Ambronay—Priay station (French: Gare de Abronay—Priay) is a French railway station located in commune of Ambronay, Ain department in the Auvergne-Rhône-Alpes region. As its name suggests, the station also serves the nearby commune of Priay. It is located at kilometric point (KP) 61.274 on the Mâcon—Ambérieu railway.

The station was opened in 1856 by the Compagnie des chemins de fer de Paris à Lyon et à la Méditerranée (PLM).

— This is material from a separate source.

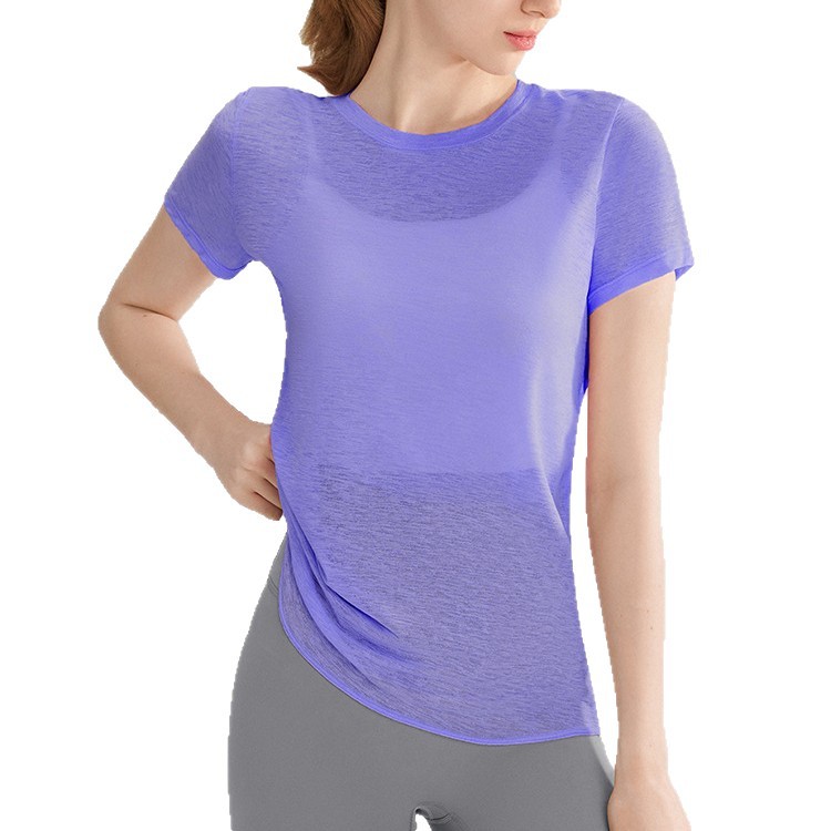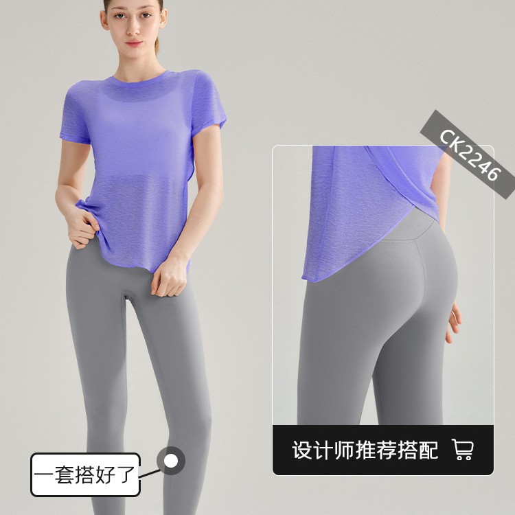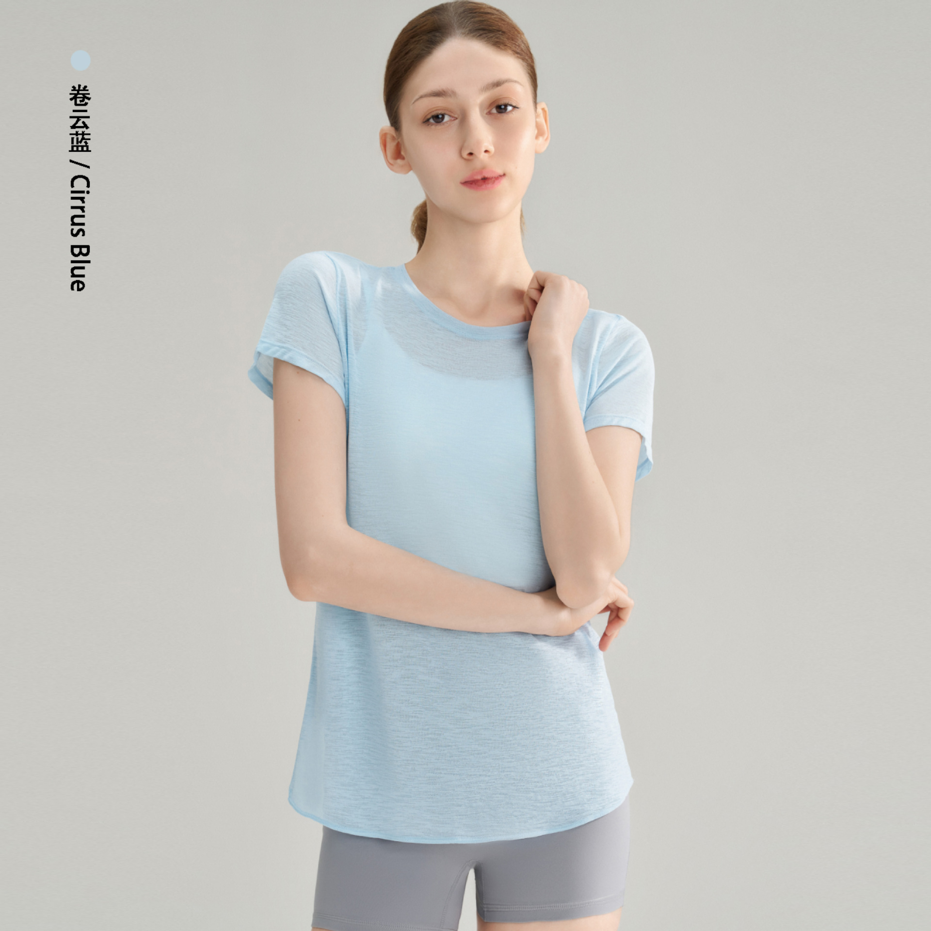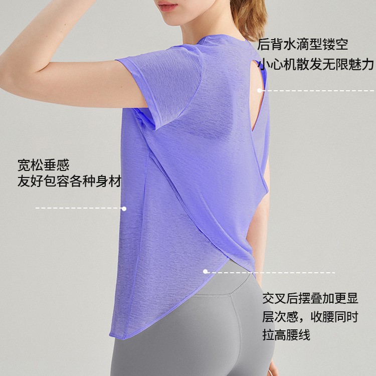竹节纱瑜伽服罩衫女夏训练跑步健身短袖上衣薄款晨跑服运动罩衫

As of 2020, the station is owned and operated by the SNCF and served by TER Auvergne-Rhône-Alpes trains.

History 

In 2019, the SNCF estimated that 9,145 passengers traveled through the station.

Services

Passenger services 
Classified as a PANG (point d'accès non géré), the station is unstaffed without any passenger services.

Train services 
As of 2020, the station is served by TER Auvergne-Rhône-Alpes line 30 trains between Mâcon and Ambérieu.

Intermodality 
In addition to passenger vehicle parking, the station is equipped with storage racks and facilities for bicycles.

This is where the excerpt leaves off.